Linfield Reports, 4/30/12


Molly Gloss, author of the award-winning book The Jump-Off Creek, will read from her book Monday, April 30, at 7:30 p.m. in Nicholson Library at Linfield. The reading is a culmination of this year’s MacReads program.

In its eighth year, MacReads is a community-wide book reading and discussion that culminates in a presentation by the author. Schools, book clubs and residents throughout Yamhill County are encouraged to participate in the program. Gloss’ talk will track the public perception and the reality of the lives of women homesteaders, and other independent women across an historical and literary spectrum.
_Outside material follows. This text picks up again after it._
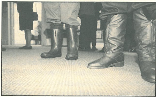
above: Prepared for the weather!

Every year in order to update the General Assembly on the progress it is making in meeting its mission through primary study, research, and information and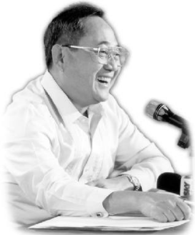
SPEAKER JOSE C. DE VENECIA

T he leadership of the House of Representatives in the 12 th Congress is one that is borne out of a strong collegial determination to establish the most urgently required policies of governance at a crucial period of national transition.

Books will be available for purchase and signing at the event, which is open to the public.

The story of The Jump-Off Creek highlights the life and struggles of Lydia Bennett Sanderson, a hardship-honed widow, homesteading in the backcountry of Oregon in 1895. As the months pass, there is good and ill fortune, the exchange of fair-and-square favors and, at the close, a long road back from trial and grief. The Los Angeles Times called the book “A classic of its kind.”
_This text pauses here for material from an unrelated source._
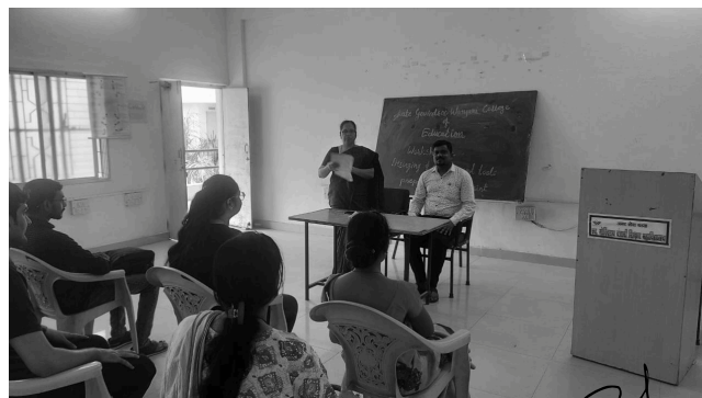
Workshop on Achievement Test

Assessing students is an important part of teaching-learning process. To teach he trainee how to assess the students performance, the college conducted workshops and asks to practical work to prepare an achievement test i.e. unit test and also taught how to create blue print and prepare unit test. Teachers act as a guide ad supervisor.

Gloss is a fourth-generation Oregonian who resides in Portland. She was raised in rural Oregon in the 1950s and began her writing career with Western novels. Her novel The Jump-Off Creek was a finalist for the PEN/Faulkner Award for American Fiction, and a winner of both the Pacific Northwest Booksellers Award and the Oregon Book Award. In 1996, Gloss was a recipient of a Whiting Writers Award. Some of her other work includes The Dazzle of Day, which was named a New York Times Notable Book and was awarded the PEN Center West Fiction Prize.

MacReads uses a common book to create community conversations that cross lines of generation and acquaintance. It is sponsored by Friends of Nicholson Library, Friends of McMinnville Public Library, Third Street Books and the Linfield English Department. This program was made possible in part by a grant from Oregon Humanities (OH), a statewide nonprofit organization and an independent affiliate of the National Endowment for the Humanities, which funds OH’s grant program.

For more information, contact Susan Barnes Whyte, director of Linfield Libraries, 503-883-2517.



Geologist Scott Burns will present “The Mystery of Terroir in Oregon: The Relationship of Geology, Soil and Climate to Wine” on Tuesday, May 1, at 7:30 p.m. in T.J. Day Hall at Linfield. A reception will follow.

Burns is a professor of geology at Portland State University whose research has focused on a wide variety of topics, including terroir ― the relationship of climate, geology, soils and wine grapes. He is lecturing across the country this year after being named the 2012 Jahns Distinguished Lecturer by the Association of Environmental and Engineering Geologists (AEG) and the Geological Society of America (GSA), his two sponsoring associations.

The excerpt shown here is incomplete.